Developing and validating a mortality prediction model for ICH in ITP: a nationwide representative multicenter study

Immune thrombocytopenia (ITP) is an acquired isolated thrombocytopenia with a platelet count of <100 × 10⁹/L, characterized by platelet destruction and impaired platelet production.^1-4  ITP can occur in all age ranges, with an incidence of 3.9 to 6.1 per 1 000 000 people every year, with 2 peaks, one during childhood and one at >60 years of age.^5,6  Compared with the short-term and self-limited disease courses in children, ITP is more likely to be persistent or chronic in adults due to different pathogeneses.^1,7 

Bleeding has been considered one of the important clinical outcomes for ITP patients.⁸  Although the mortality rate of ITP is only slightly higher than that of the general population, severe hemorrhagic events such as intracranial hemorrhage (ICH) are often considered to be associated with a poor prognosis.^9-12  According to previous reports, ICH occurs in approximately 1% of ITP patients with a mortality of 24.0% to 31.2%.^9,13-15  Lower platelet count, prior bleeding events, and antecedent head trauma have been shown to be associated with the development of ICH in pediatric and adult patients.^13-17  Meanwhile, prior hemorrhagic events and newly diagnosed ITP were related to death in a cohort of 40 children.¹⁴  However, to date, risk factors for death from ICH in adults with ITP remain unclear.

We conducted a nationwide multicenter real-world study to identify risk factors for death within 30 days following ICH in ITP patients.
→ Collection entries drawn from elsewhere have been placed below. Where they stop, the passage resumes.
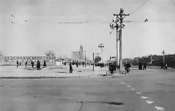 1954年,朝阳门内大街、猪市大街(1965年改东四西大街)东向,东四牌楼已拆除。外交部大楼正在兴建,再远处是朝阳门城楼。
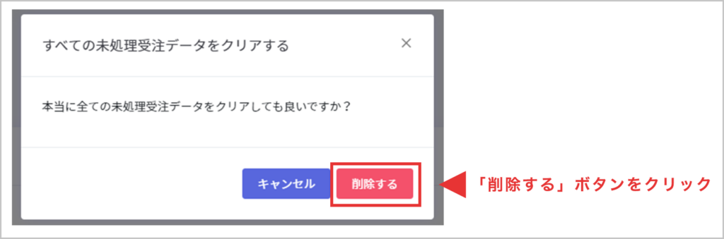 「削除する」ボタンをクリックすると受注データを削除できます。
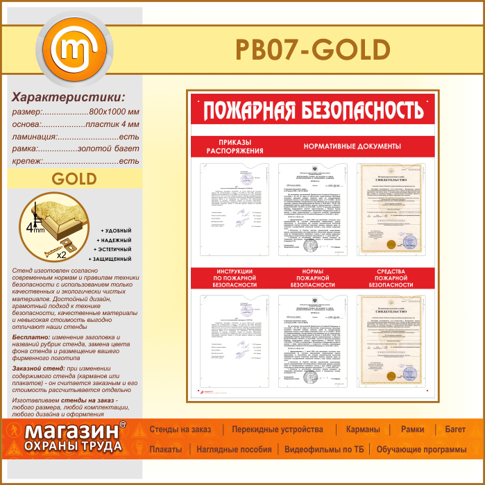 Стенд «Пожарная безопасность» с 6 карманами (PB-07-GOLD) в Нижнекамске купить

To the best of our knowledge, this is the largest cohort of ICH in ITP to date. Furthermore, we developed and validated a prognostic model. An application was established to predict the outcome of ICH in adult patients with ITP.
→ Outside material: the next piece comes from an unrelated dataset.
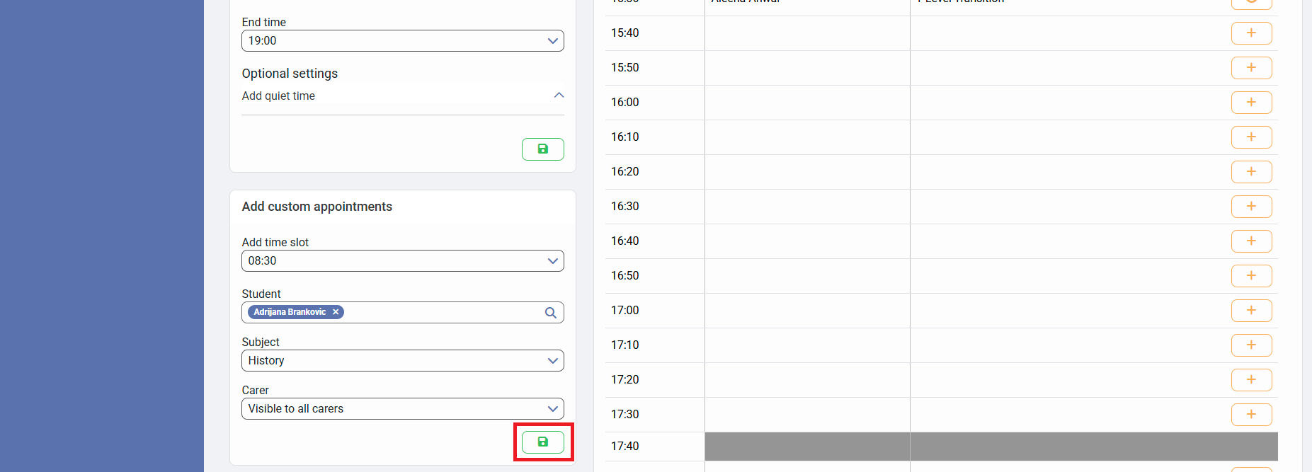 8) Click on "Save" in the "Add custom appointments" block to accept your changes

We conducted a nationwide, multicenter, real-world study to collect data from patients with ITP who experienced ICH between 2005 and 2020. A total of 27 representative hospitals participated in this study, with a training cohort from 16 centers and a test cohort from another 11 centers. The specific list of centers is summarized in supplemental Table 1. We took full account of the geographical diversity when dividing the study population. The specific inclusion criteria were as follows: 1) age >18 years old; 2) a diagnosis of primary ITP; and 3) ICH occurring after the diagnosis of ITP. Patients newly diagnosed with ITP at the onset of ICH were excluded. All patients included in our study had a follow-up period of ≥30 days following ICH. For each patient experiencing ICH enrolled, a control case from the same center matched for time to ITP diagnosis (±1 year) and ITP duration (±180 days) was selected. Data including demographic information, comorbidities, disease characteristics for ITP, antecedent events, and clinical features of ICH were recorded in detail. To ensure accuracy, relevant information of each individual was extracted from the electronic medical record system and checked by another researcher independently.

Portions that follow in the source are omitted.